Mercury has always been present in oil, natural gas, produced water, condensate and soot from coal fired electricity generation but until recently it has not been widely known or acknowledged except in relation to coal. Accurate characterization and effective removal of mercury from these streams is becoming an emerging issue in the treatment of condensate and produced water generated during production of LNG (liquefied natural gas) and oil, and in removal of mercury from the fuels themselves.
There are a number of factors driving this emerging awareness and urgency, some of which are increased production, expansion of population, impact on flora, fauna and detrimental effects to process and user equipment. The numbers involved are large. There are about 99 billion barrels of produced water generated per year for example, at an average contamination rate of 1 ppm. Produced water alone contributes 37 million lbs. of mercury per year to the environment.
The pernicious and dangerous nature of Hg contamination is illustrated by explosions in Moomba, Australia and Skikda, Algeria (Figures 1 and 2) caused by mercury embrittlement. Customers are beginning to refuse fuel based on mercury content and projects are being delayed due to the presence of Hg. A joint venture in Australia between BHP and Exxon was recently pushed back at least two years with cost overruns in the billions due to discovery of mercury in the gas.
Mercury is a liquid metal and unique in its behavior in fuels, air and water.
The failure to recognize and characterize the unique states and behavior of mercury and treatment and analysis methodologies based on facile and unsubstantiated assumptions is the basis of the problematic nature of Hg remediation.
Analytical chemistry has lagged behind in this area as well. Nearly all Hg analysis is destructive-AAS (atomic absorption spectrometry) or ICP (induction coupled plasma)-and therefore will only indicate the presence but not the state of Hg. Knowledge of state is the critical factor in designing effective remediation technology. The behavior of Hg is extremely state dependent. One illustration is the case of LNG. Both the Moomba and Algerian explosions were caused by the presence of Hg. Typically the LNG processing consists of gross water removal, coalescence of suspended liquid hydrocarbons (at STP), (condensate also has Hg present), molecular sieve for trace water removal, sulfide or bromide impregnated granular media (usually carbon) for Hg removal, cooling and liquefaction of LNG fraction (C2-C5), and reverse osmosis, which recovers the retentate and burns off the permeate (methane).

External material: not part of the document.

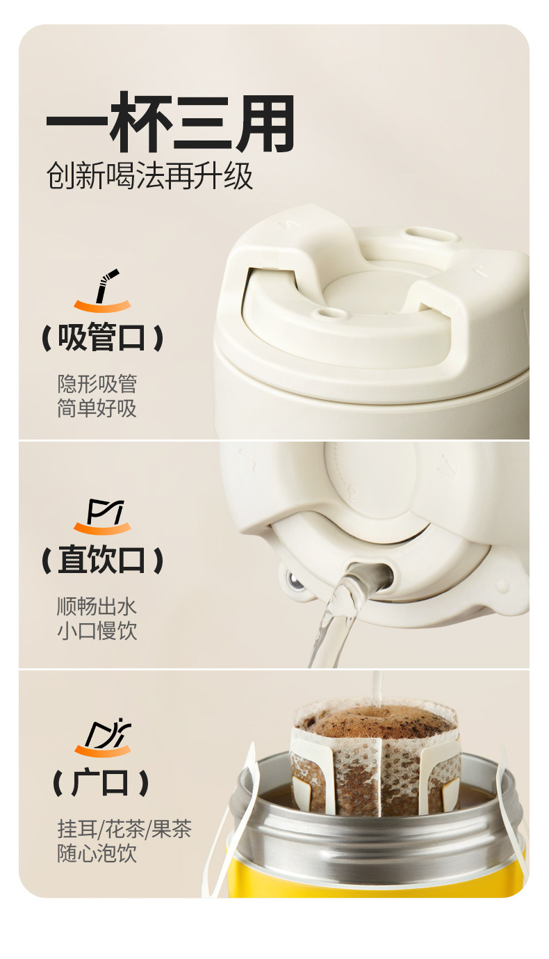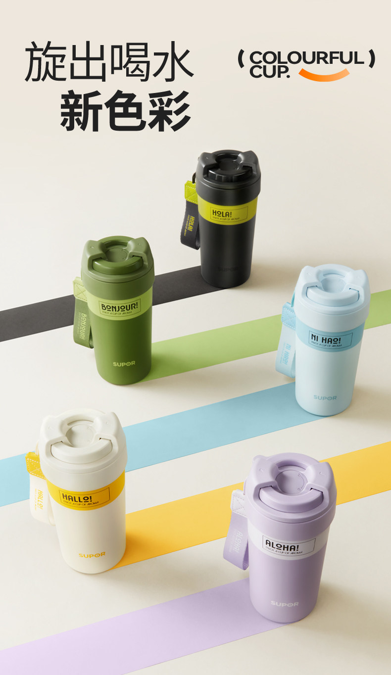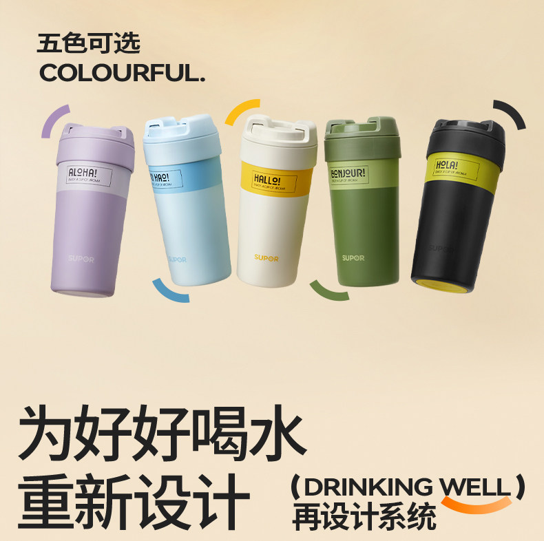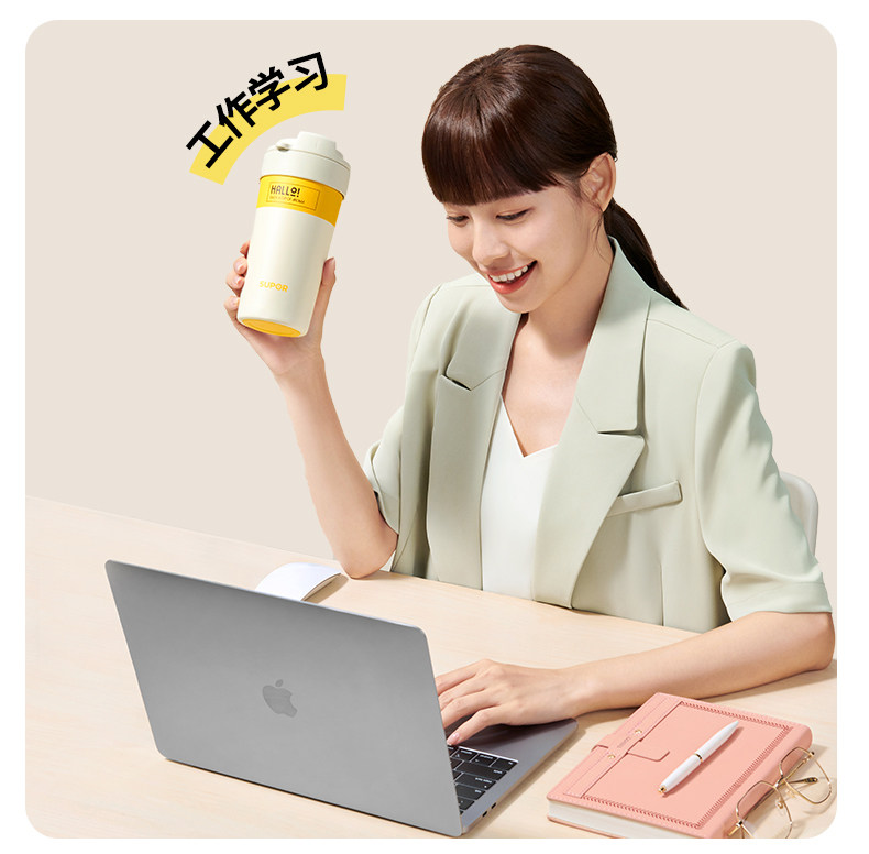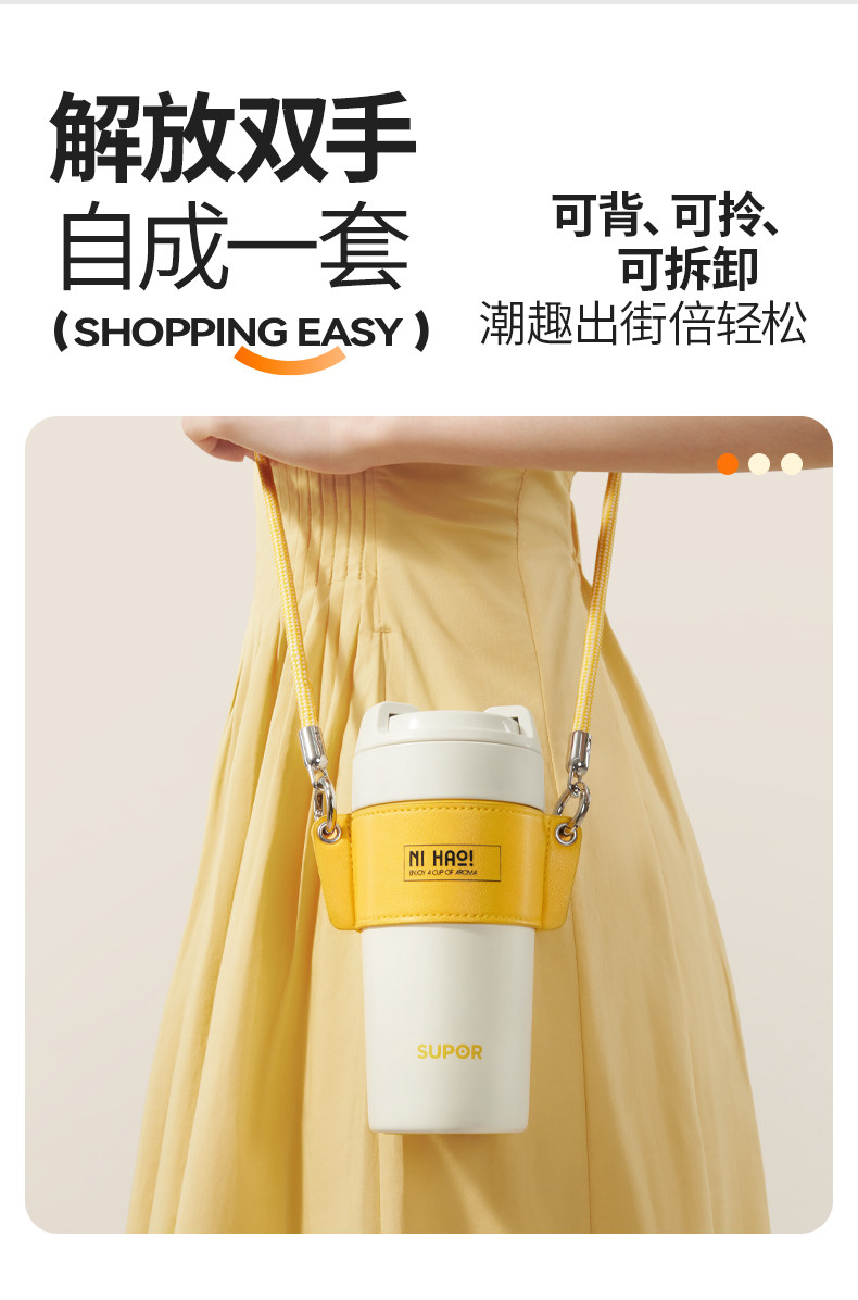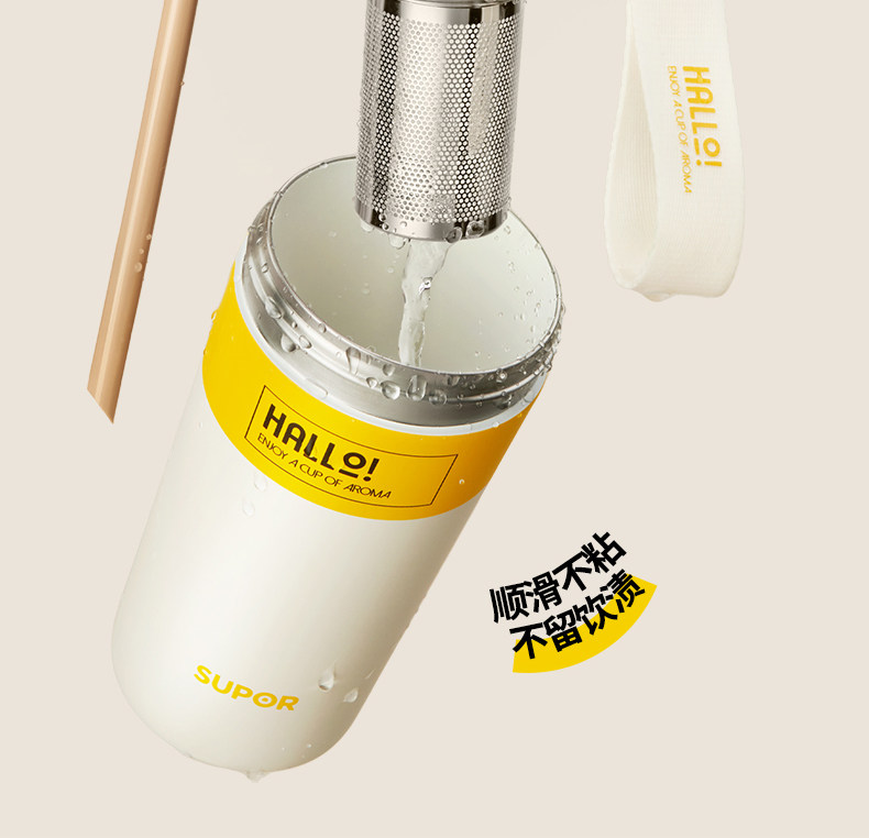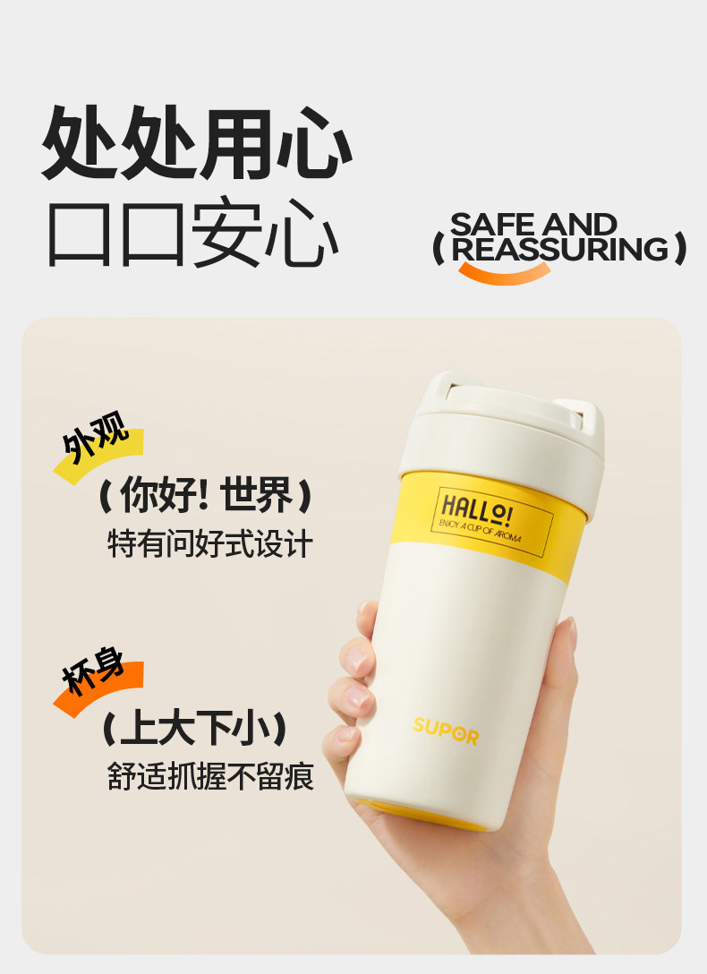 Supor Thermos Cup for Women, Coffee Cup with High Aesthetic Appeal, Antibacterial Ceramic Liner, Large Capacity Tea and Water Separation Cup

Even though there are usually hundreds of thousands of
tons of Hg removal media deployed, multiple pounds of Hg pounds per week
are typically burned off with the methane. How is this possible for Hg
to make it through all of these process steps and why should it take hundreds
of tons of media to remove mere pounds of Hg? The answer lies in the implicit
assumption as to the state of the Hg in LNG. The assumption has been that
the Hg must be in a gaseous state and would therefore instantly react
with sulfide to form HgS
A second illustration is the case of Hg in produced water. Carbon or modified carbon (sulfide impregnated or other) is used to remove Hg from produced water. Despite this there are platforms which have been shut down due to Hg visibility beading out on the metallic structures. Again, incomplete characterization is at the root of the problem. In water, Hg can exist in ionic, organically bound colloidal or elemental states. Carbon will remove ionic mercuric salts but is not effective in removal of elemental or organic colloidal forms. Obviously and confirmed by testing, not all of the Hg in produced water is in the ionic form.
LNG and oil production companies are currently not able to generate accurate composition state analysis of the species of Hg in particular streams. The exact reasons are complex but have to do with changes and errors which occur during sampling and the inability of the analysis to discriminate between states.
Depending on concentrations, this device can be deployed in a side stream for minutes or days and the flow monitored. Each of the components can be destructively tested to yield the compositional breakdown as they have been pre-segregated in the trapping process.
This approach and device has been used to evaluate produced water and LNG streams with the following results:
Although we are dealing with Hg in both cases, it is obvious that the treatment approach for those two streams have to be weighted completely differently in order to accommodate the disparate species. Currently, in both cases, modified granular media (which is only appropriate for the ionic form) is used almost exclusively.
This analysis explains the poor results for use of granular media in LNG applications and the marginal results of granular media in the treatment of produced water. Hg treatment in LNG should be exclusively focused on conversion of aerosolized elemental Hg to a liquid state using patented MyCelx capillary technology or other types of coalescence.
Modified granular media will be effective in removing
ionic Hg from produced water but the treatment train must also include
components capable of handling elemental and organic forms of Hg, essentially
a scaled version of the characterization device itself.